__Your goal__: All the data that follows should be repeated exactly, without a single picture.

__Recorded information__:
_____

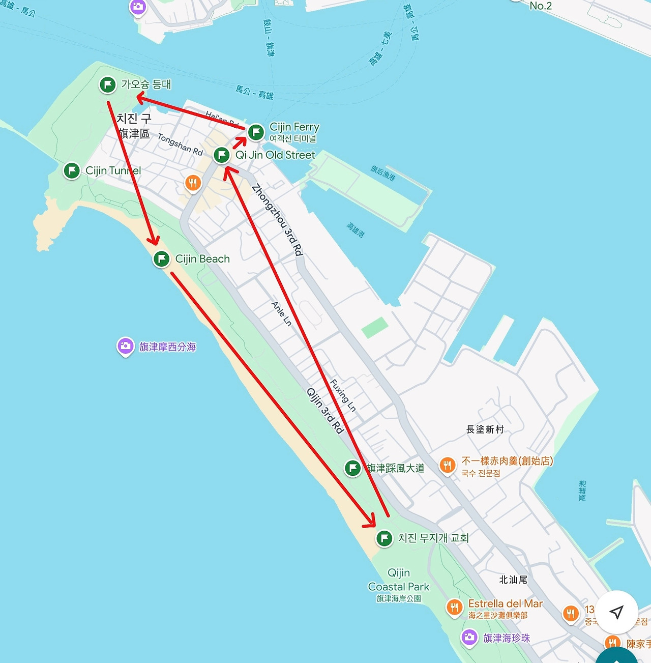 나의 치진섬 여행 계획은 섬 북서쪽에 있는 가오슝 등대를 보고 해수욕장을 쭉 걸어서 동남쪽에 있는 무지개 교회를 찍고 돌아오는 것이었다.
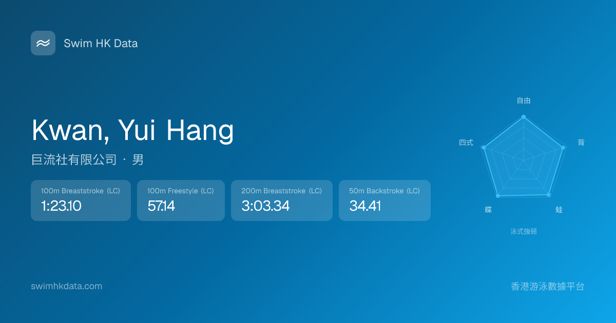 此圖表根據你所有比賽成績計算,顯示你在各泳式的相對強弱,僅供參考。繼續努力,每一次練習都會讓你更快更強!💪
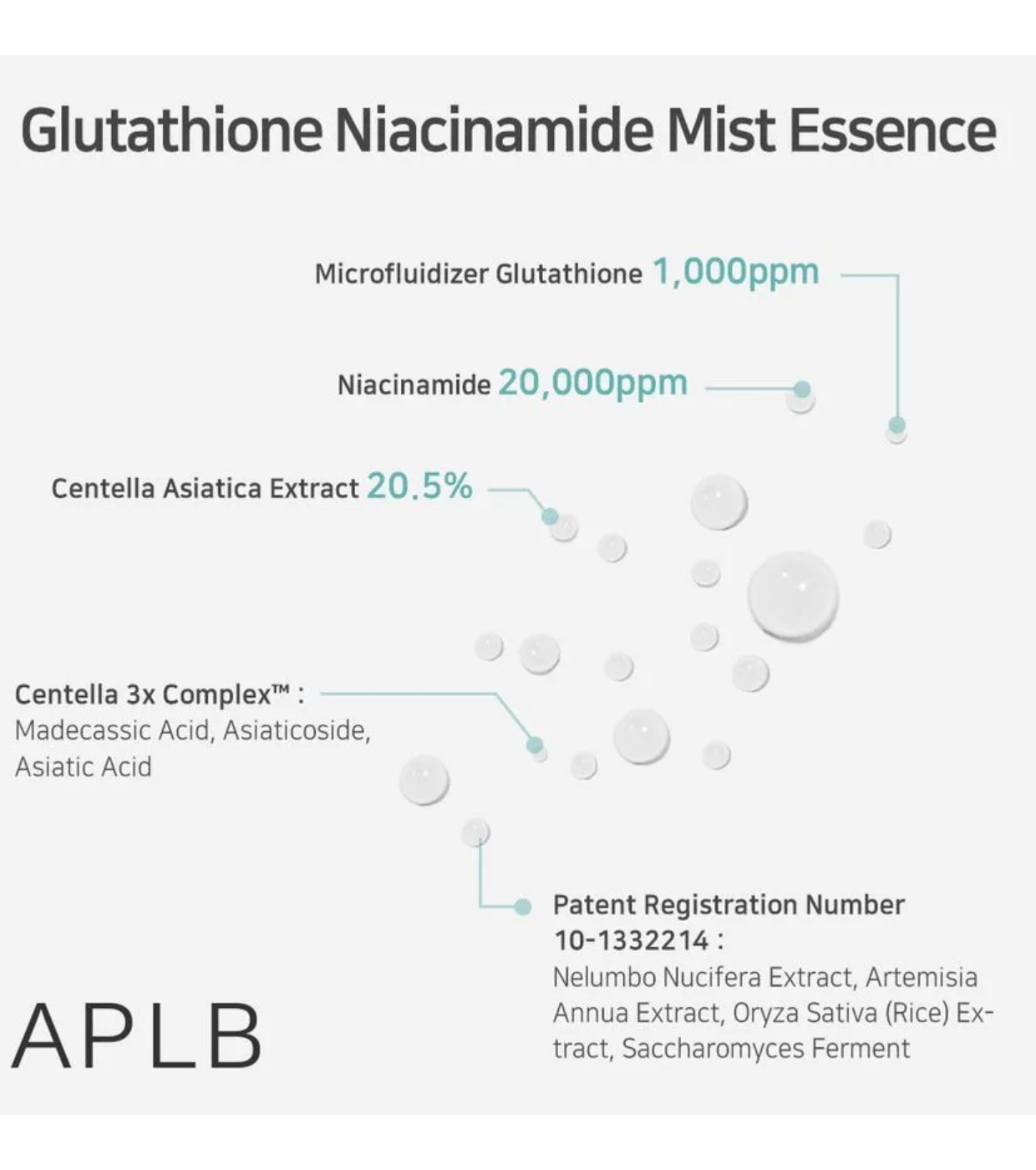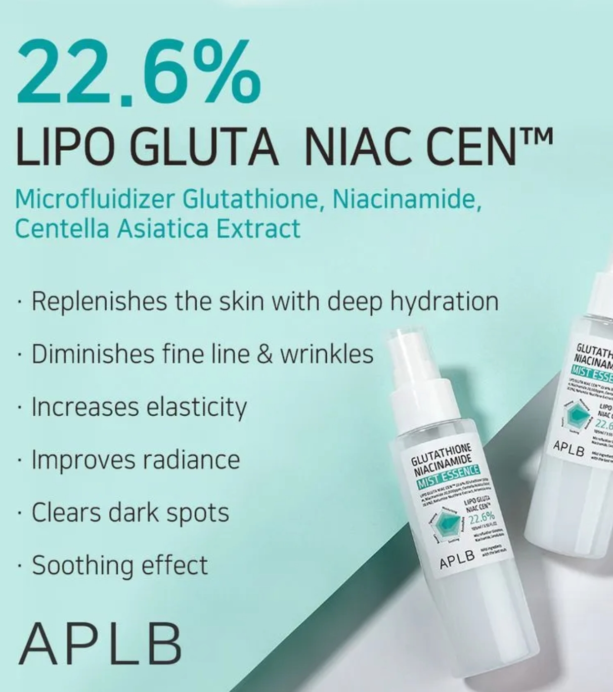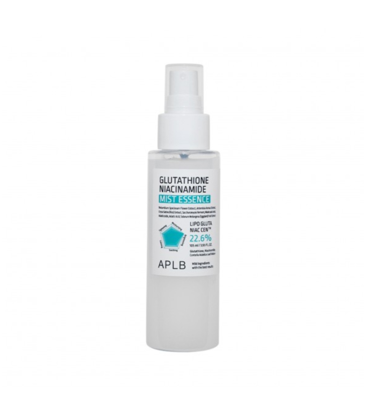 Glutathione Niacinamide Mist Essences APLB ist eine Gesichtsessenz im Nebelformat, die die Haut zu jeder Tageszeit mit Feuchtigkeit versorgt, beruhigt und zum Strahlen bringt.

_____

__Expected answer__:
 나의 치진섬 여행 계획은 섬 북서쪽에 있는 가오슝 등대를 보고 해수욕장을 쭉 걸어서 동남쪽에 있는 무지개 교회를 찍고 돌아오는 것이었다.
 此圖表根據你所有比賽成績計算,顯示你在各泳式的相對強弱,僅供參考。繼續努力,每一次練習都會讓你更快更強!💪
 Glutathione Niacinamide Mist Essences APLB ist eine Gesichtsessenz im Nebelformat, die die Haut zu jeder Tageszeit mit Feuchtigkeit versorgt, beruhigt und zum Strahlen bringt.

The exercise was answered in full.